I am working with a data frame of 100m rows, that I would like to partition into 100 Parquet files of 1m rows each. I do not want to partition on any particular column value: I just want 100 chunks of 1m rows.
I know that this is possible by adding a "dummy" column, and passing that to partition_cols
:
data_size = len(data)
partition_size = 1_000_000
n_partitions, remainder = divmod(data_size, partition_size)
data["partition_id"] = np.concatenate([
np.repeat(list(range(n_partitions)), partition_size),
np.repeat(n_partitions + 1, remainder),
])
data.to_parquet("out", partition_cols=["partition_id"])
But it feels wasteful to write an extra 100m 64-bit integers!
Parquet files are also typically compressed, very often using the Snappy algorithm (occasionally GZip or Brotli). And these are long runs of identical integers, so in principle they should compress extremely well.
However, I don't know how the Parquet file format and underlying Arrow array format interact with various compression algorithms. Assuming that I'm using Snappy, will my millions of extra integers be compressed to a handful of bytes? Or will this partition_id
column actually inflate the size of my dataset by some appreciable amount?
To answer your actual question: Yes, as there are only a 100 distinct values they compress very well. As you can see below there is no significant influence on the over all size.
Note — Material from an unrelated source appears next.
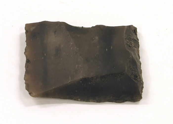 This small piece of dark flint would have been made to be used in a gun, though it does not appear to have been used.

Partitioning introduces some overhead of course but that happens with and without ids.
(This is R as I am more familiar with it but it uses the same C++ arrow backend so the results are the same)
library(arrow)
library(fs)
# create some dummy data
n <- 100000000
data <- data.frame(a = rnorm(n), b = rnorm(n))
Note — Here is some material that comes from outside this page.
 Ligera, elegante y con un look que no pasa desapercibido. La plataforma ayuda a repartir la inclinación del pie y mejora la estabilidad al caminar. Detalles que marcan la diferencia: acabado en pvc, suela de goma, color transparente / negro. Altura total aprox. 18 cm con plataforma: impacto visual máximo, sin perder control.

partition_id <- rep(1:100, each = 1000000)
data_ids <- cbind(data, partition_id)
# Save data
file <- file_temp("data", ext = ".parquet")
file_with_id <- file_temp("data", ext = ".parquet")
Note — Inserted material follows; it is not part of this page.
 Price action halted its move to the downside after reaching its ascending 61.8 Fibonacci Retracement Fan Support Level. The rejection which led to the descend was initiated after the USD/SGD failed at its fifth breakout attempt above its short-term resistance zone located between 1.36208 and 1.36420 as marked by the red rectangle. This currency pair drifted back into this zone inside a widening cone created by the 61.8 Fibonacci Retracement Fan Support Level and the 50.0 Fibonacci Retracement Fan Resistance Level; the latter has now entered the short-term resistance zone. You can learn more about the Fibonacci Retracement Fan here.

path <- path_temp("data_partitioned")
path_nrow <- path_temp("data_partitioned_nrow")
write_parquet(data, file, compression = "snappy")
write_parquet(data.frame(rep(1,1000000)), just_ids, compression = "snappy")
write_parquet(data_ids, file_with_id, compression = "snappy")
write_dataset(data_ids, path, format = "parquet", partitioning = "partition_id")
write_dataset(data, path_nrow, format = "parquet", max_rows_per_file = 1000000)
file_size(file)
# 1.49G
file_size(file_with_id)
# 1.49G
dir_ls(path, recurse = TRUE) |> file_size() |> sum()
# 1.84G
dir_ls(path_nrow, recurse = TRUE) |> file_size() |> sum()
# 1.84G